═══ Data supplied

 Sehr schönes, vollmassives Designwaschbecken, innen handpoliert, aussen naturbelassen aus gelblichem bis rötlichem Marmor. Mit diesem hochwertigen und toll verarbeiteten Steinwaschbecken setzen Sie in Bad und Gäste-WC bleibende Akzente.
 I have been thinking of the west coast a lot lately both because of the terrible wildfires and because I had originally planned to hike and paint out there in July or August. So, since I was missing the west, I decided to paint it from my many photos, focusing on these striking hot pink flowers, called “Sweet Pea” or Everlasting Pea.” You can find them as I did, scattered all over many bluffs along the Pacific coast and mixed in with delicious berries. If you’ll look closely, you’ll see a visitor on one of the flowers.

══════
═══ Data supplied

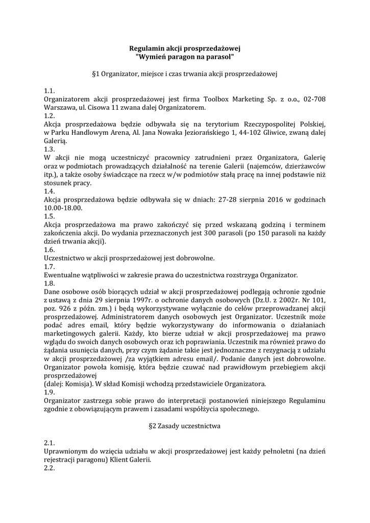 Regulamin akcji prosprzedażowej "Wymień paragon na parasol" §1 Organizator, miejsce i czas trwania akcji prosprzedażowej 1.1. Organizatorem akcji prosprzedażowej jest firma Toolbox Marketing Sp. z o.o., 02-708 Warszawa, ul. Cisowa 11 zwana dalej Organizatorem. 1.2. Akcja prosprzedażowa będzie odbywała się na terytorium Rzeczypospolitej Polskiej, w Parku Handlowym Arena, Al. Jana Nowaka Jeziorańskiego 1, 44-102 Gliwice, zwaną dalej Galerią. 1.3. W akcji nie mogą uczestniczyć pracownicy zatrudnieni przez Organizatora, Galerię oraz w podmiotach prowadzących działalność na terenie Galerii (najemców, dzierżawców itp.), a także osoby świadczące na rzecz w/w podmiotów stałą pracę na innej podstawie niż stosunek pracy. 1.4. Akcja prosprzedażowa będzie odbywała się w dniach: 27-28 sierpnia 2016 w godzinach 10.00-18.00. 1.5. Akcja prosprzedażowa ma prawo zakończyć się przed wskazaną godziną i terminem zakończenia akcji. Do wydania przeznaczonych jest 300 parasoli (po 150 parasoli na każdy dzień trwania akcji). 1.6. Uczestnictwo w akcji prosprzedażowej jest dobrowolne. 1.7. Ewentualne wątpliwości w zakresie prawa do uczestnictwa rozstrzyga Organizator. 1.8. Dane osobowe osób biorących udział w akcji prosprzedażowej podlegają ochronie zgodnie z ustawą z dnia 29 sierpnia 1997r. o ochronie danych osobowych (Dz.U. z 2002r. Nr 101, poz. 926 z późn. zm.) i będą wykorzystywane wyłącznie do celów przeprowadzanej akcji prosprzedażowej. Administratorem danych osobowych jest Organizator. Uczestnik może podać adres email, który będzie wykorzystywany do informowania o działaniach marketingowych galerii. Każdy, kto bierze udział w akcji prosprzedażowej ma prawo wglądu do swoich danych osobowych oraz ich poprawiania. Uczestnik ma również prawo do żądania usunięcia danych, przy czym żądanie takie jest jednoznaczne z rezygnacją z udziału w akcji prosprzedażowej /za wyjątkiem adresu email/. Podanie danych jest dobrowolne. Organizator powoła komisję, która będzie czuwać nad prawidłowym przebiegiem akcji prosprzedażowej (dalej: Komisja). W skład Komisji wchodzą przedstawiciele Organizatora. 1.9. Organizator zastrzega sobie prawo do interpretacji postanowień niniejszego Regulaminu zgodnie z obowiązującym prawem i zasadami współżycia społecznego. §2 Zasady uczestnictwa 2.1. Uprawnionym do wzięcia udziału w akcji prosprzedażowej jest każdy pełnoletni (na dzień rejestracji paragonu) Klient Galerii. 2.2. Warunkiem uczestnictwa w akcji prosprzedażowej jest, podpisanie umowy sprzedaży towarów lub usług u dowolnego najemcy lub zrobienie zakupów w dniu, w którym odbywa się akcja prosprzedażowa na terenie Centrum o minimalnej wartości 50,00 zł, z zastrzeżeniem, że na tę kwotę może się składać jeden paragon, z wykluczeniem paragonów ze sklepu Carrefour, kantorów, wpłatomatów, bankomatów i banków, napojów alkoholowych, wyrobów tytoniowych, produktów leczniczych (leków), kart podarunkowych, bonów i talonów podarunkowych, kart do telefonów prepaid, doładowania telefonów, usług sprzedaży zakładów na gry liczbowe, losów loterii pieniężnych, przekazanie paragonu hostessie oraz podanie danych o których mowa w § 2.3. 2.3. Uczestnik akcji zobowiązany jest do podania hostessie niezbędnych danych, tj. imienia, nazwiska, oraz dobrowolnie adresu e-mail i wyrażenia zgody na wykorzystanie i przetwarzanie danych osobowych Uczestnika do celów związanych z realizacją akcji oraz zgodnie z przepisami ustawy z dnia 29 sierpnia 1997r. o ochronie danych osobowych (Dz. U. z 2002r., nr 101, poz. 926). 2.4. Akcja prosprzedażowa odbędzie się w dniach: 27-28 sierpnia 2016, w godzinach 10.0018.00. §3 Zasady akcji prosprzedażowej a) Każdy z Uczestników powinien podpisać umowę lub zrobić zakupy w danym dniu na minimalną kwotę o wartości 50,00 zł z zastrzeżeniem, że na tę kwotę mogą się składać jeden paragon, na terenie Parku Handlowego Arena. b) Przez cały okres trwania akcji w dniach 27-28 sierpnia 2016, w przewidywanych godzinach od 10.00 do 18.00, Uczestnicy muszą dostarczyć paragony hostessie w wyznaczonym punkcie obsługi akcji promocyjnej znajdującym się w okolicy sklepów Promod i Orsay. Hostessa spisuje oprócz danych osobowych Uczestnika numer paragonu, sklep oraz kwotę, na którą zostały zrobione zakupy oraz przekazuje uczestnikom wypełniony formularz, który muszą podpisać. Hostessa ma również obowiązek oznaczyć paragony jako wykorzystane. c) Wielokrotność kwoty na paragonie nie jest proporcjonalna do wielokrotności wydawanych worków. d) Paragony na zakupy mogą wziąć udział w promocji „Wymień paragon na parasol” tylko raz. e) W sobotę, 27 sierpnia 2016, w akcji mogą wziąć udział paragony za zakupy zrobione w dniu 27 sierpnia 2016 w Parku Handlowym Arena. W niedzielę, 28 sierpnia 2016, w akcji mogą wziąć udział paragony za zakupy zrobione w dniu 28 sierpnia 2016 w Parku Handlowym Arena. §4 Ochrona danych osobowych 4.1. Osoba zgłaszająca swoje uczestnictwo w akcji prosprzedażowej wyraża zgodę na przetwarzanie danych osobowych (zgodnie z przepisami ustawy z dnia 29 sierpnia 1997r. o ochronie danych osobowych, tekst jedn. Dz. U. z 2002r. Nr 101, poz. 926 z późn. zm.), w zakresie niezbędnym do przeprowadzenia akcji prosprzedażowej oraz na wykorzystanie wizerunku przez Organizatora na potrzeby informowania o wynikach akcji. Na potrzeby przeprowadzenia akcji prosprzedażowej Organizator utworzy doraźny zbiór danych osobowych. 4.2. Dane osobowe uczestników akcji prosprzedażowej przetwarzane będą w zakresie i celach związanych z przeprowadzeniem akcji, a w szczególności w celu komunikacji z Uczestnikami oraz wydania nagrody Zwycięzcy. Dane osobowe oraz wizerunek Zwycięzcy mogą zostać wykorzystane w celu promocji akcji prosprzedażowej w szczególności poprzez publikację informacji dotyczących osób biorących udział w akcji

══════

• **Exercise directions**
Copy the records above exactly, beginning at the line that contains "Sehr schönes, vollmassives" and stopping after the line that contains "I have been".

• **Solution for this problem**
 Sehr schönes, vollmassives Designwaschbecken, innen handpoliert, aussen naturbelassen aus gelblichem bis rötlichem Marmor. Mit diesem hochwertigen und toll verarbeiteten Steinwaschbecken setzen Sie in Bad und Gäste-WC bleibende Akzente.
 I have been thinking of the west coast a lot lately both because of the terrible wildfires and because I had originally planned to hike and paint out there in July or August. So, since I was missing the west, I decided to paint it from my many photos, focusing on these striking hot pink flowers, called “Sweet Pea” or Everlasting Pea.” You can find them as I did, scattered all over many bluffs along the Pacific coast and mixed in with delicious berries. If you’ll look closely, you’ll see a visitor on one of the flowers.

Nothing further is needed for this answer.